# WHAT YOU ARE ASKED TO DO:
What you write must be the listing below in full, word for word, minus its pictures.

# INPUT DATA:
-----

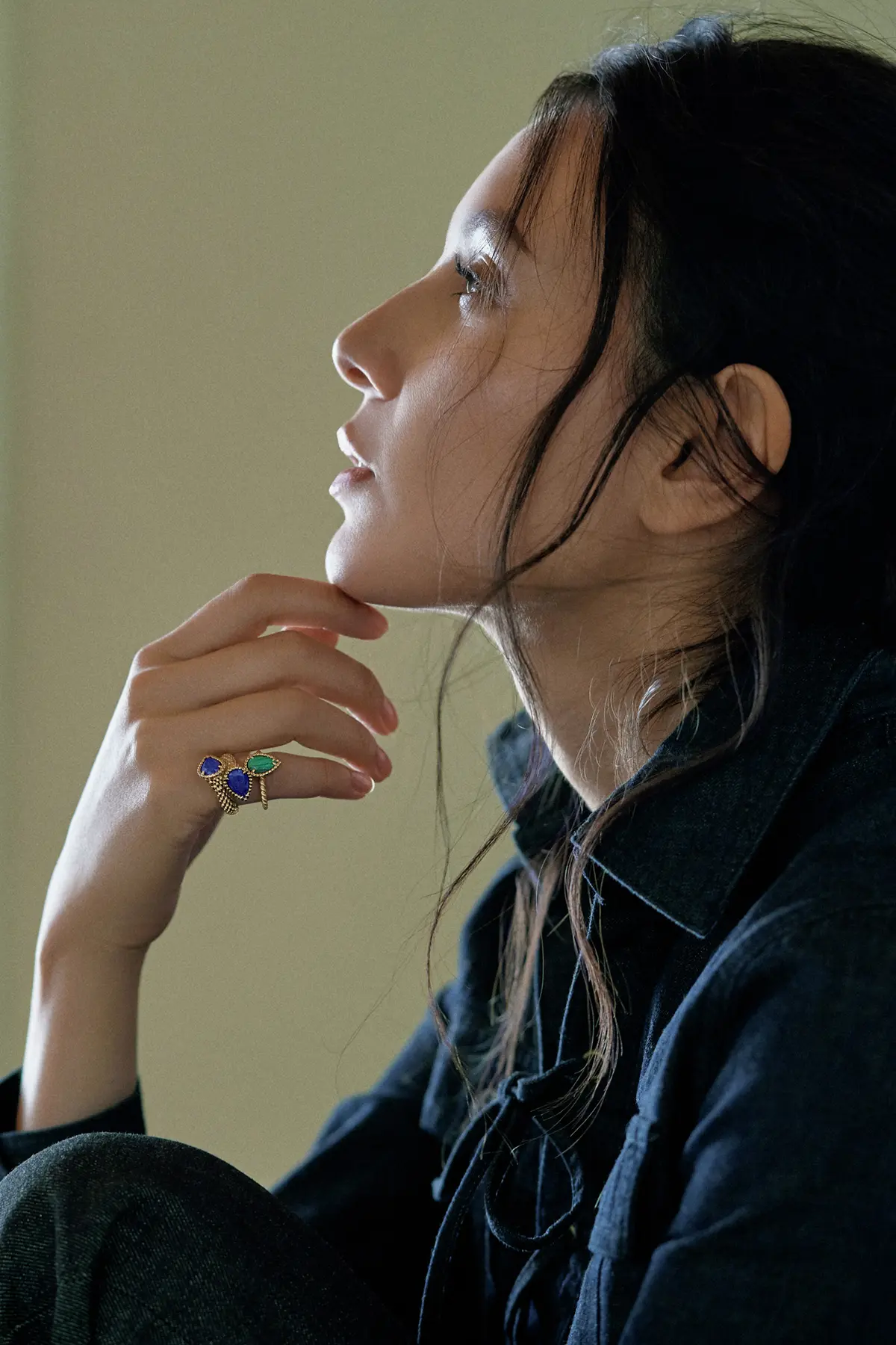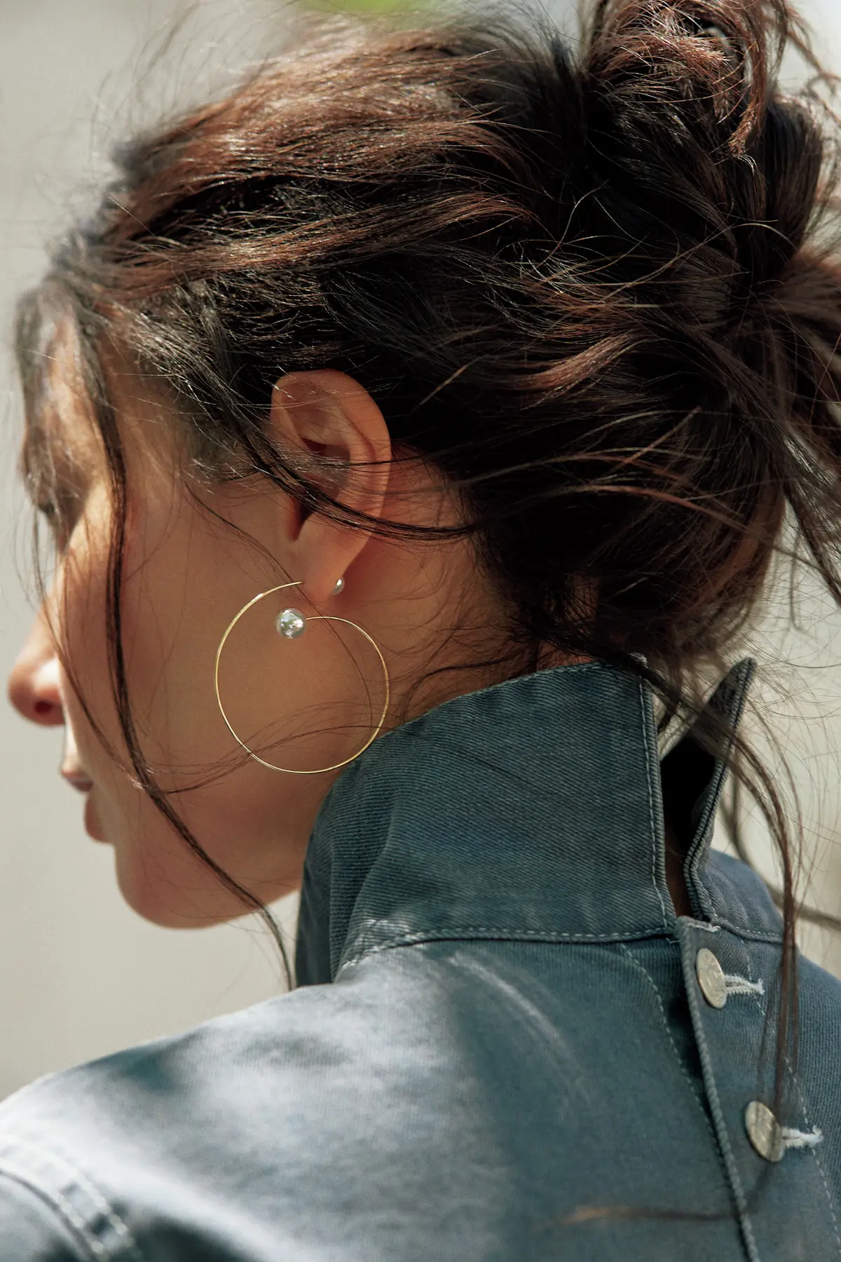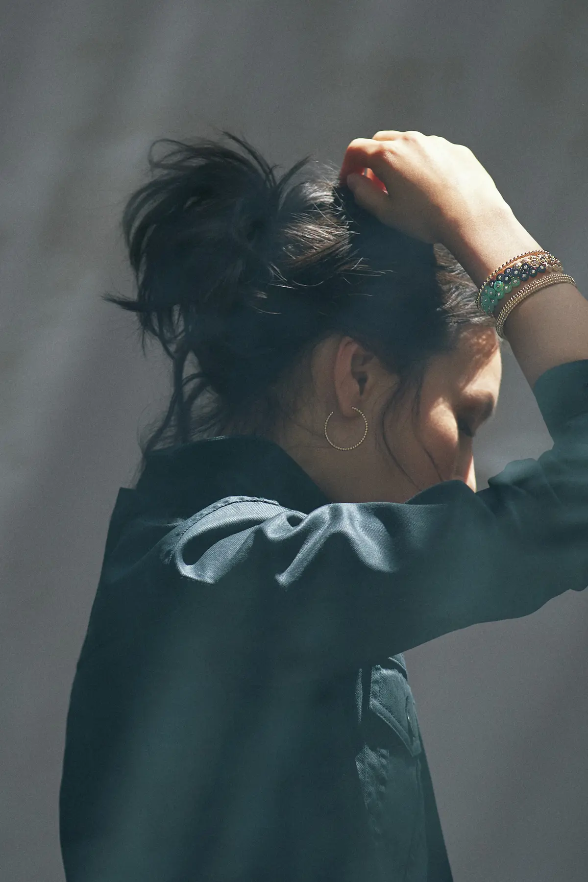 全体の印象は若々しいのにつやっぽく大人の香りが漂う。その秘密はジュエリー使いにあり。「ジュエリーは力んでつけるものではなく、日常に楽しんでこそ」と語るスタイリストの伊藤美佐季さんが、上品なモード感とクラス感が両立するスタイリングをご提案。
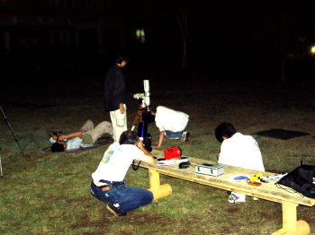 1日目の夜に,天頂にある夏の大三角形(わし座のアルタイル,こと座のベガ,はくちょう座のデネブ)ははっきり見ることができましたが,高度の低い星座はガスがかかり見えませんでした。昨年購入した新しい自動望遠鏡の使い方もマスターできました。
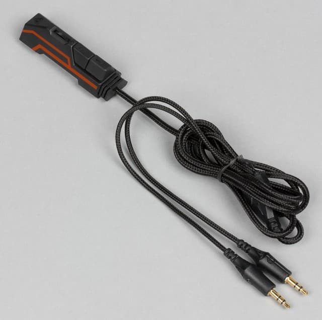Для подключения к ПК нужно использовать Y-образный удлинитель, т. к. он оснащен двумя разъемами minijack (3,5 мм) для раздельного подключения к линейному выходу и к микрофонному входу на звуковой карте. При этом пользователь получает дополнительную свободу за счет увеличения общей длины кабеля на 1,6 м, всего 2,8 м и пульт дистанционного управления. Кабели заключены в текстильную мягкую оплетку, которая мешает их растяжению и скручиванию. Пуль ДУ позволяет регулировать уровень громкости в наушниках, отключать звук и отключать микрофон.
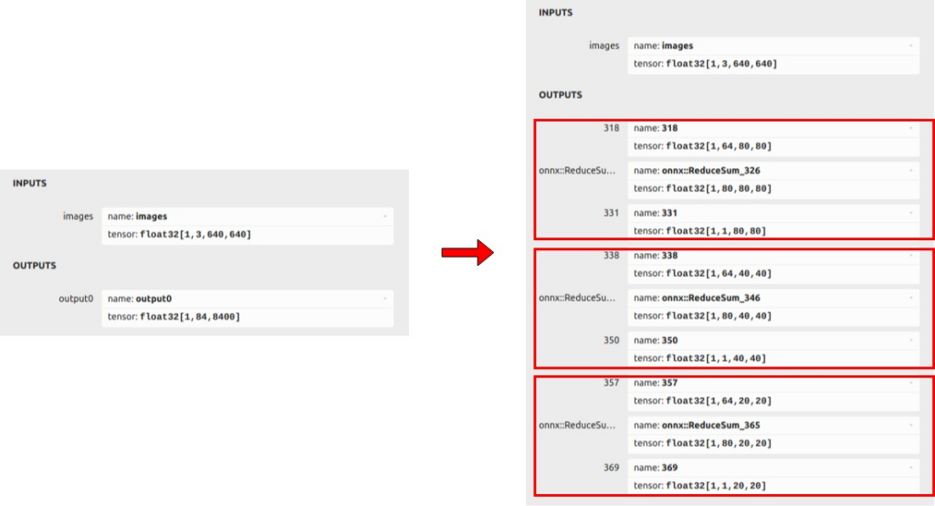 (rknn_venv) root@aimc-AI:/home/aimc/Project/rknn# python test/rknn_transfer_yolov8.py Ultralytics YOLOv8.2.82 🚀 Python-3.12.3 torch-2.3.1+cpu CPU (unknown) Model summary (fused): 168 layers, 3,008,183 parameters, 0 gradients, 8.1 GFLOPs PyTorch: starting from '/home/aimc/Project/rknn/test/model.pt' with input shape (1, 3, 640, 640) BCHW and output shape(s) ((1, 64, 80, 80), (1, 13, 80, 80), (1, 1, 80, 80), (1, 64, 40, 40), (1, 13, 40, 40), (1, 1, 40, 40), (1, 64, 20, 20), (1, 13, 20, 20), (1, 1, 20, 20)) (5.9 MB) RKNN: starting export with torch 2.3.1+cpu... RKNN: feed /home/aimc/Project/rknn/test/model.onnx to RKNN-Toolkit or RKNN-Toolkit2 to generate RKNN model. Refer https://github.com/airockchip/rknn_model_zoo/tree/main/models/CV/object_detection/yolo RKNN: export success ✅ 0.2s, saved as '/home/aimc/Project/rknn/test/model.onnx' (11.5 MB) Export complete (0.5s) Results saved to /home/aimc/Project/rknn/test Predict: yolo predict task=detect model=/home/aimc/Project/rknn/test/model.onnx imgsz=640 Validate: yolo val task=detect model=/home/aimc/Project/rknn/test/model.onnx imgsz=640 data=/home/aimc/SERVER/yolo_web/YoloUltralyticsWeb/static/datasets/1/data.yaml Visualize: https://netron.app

-----

# SOLUTION TO THE EXERCISE:
 全体の印象は若々しいのにつやっぽく大人の香りが漂う。その秘密はジュエリー使いにあり。「ジュエリーは力んでつけるものではなく、日常に楽しんでこそ」と語るスタイリストの伊藤美佐季さんが、上品なモード感とクラス感が両立するスタイリングをご提案。
 1日目の夜に,天頂にある夏の大三角形(わし座のアルタイル,こと座のベガ,はくちょう座のデネブ)ははっきり見ることができましたが,高度の低い星座はガスがかかり見えませんでした。昨年購入した新しい自動望遠鏡の使い方もマスターできました。
Для подключения к ПК нужно использовать Y-образный удлинитель, т. к. он оснащен двумя разъемами minijack (3,5 мм) для раздельного подключения к линейному выходу и к микрофонному входу на звуковой карте. При этом пользователь получает дополнительную свободу за счет увеличения общей длины кабеля на 1,6 м, всего 2,8 м и пульт дистанционного управления. Кабели заключены в текстильную мягкую оплетку, которая мешает их растяжению и скручиванию. Пуль ДУ позволяет регулировать уровень громкости в наушниках, отключать звук и отключать микрофон.
 (rknn_venv) root@aimc-AI:/home/aimc/Project/rknn# python test/rknn_transfer_yolov8.py Ultralytics YOLOv8.2.82 🚀 Python-3.12.3 torch-2.3.1+cpu CPU (unknown) Model summary (fused): 168 layers, 3,008,183 parameters, 0 gradients, 8.1 GFLOPs PyTorch: starting from '/home/aimc/Project/rknn/test/model.pt' with input shape (1, 3, 640, 640) BCHW and output shape(s) ((1, 64, 80, 80), (1, 13, 80, 80), (1, 1, 80, 80), (1, 64, 40, 40), (1, 13, 40, 40), (1, 1, 40, 40), (1, 64, 20, 20), (1, 13, 20, 20), (1, 1, 20, 20)) (5.9 MB) RKNN: starting export with torch 2.3.1+cpu... RKNN: feed /home/aimc/Project/rknn/test/model.onnx to RKNN-Toolkit or RKNN-Toolkit2 to generate RKNN model. Refer https://github.com/airockchip/rknn_model_zoo/tree/main/models/CV/object_detection/yolo RKNN: export success ✅ 0.2s, saved as '/home/aimc/Project/rknn/test/model.onnx' (11.5 MB) Export complete (0.5s) Results saved to /home/aimc/Project/rknn/test Predict: yolo predict task=detect model=/home/aimc/Project/rknn/test/model.onnx imgsz=640 Validate: yolo val task=detect model=/home/aimc/Project/rknn/test/model.onnx imgsz=640 data=/home/aimc/SERVER/yolo_web/YoloUltralyticsWeb/static/datasets/1/data.yaml Visualize: https://netron.app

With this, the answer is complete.